**Supplied data:**
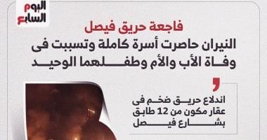 الخميس، 02 أكتوبر 2025 12:15 صحاصرت النيران أسرة كاملة داخل شقتها وتسببت فى وفاة أم وأب ونجلهم فى منطقة فيصل بعدما امتد الحريق من محل حتى وصل إليهم وتسبب فى فاجعة وفاتهم ونلخص الحادث فى نقاط.
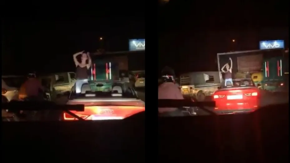 Audi कार में लड़की ने खड़े होकर किया डांस
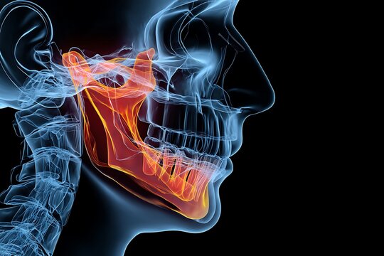 3d rendering of the human jaw bone anatomy, highlighting the mandible, maxilla, and temporomandibular joint for medical use
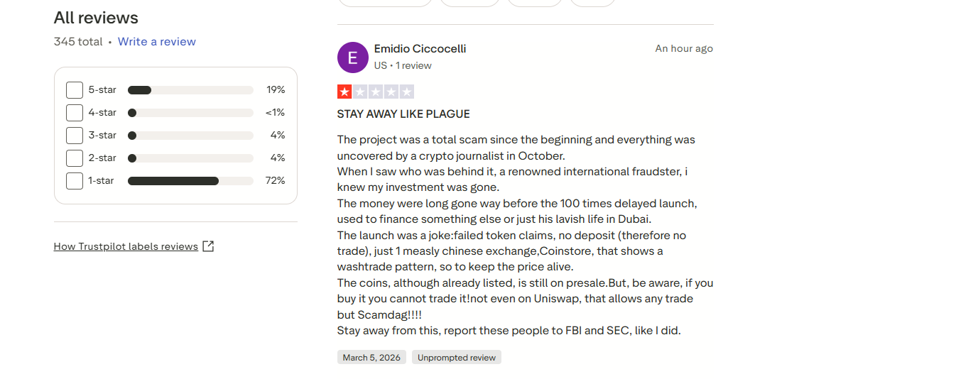 - User reviews and community discussions show growing skepticism, with many investors warning others to approach the project cautiously.

**Exercise brief:** Set down word for word, from the line that contains "3d rendering of" to the end of the listing above, every line and no picture.

**Answer space:**
 3d rendering of the human jaw bone anatomy, highlighting the mandible, maxilla, and temporomandibular joint for medical use
 - User reviews and community discussions show growing skepticism, with many investors warning others to approach the project cautiously.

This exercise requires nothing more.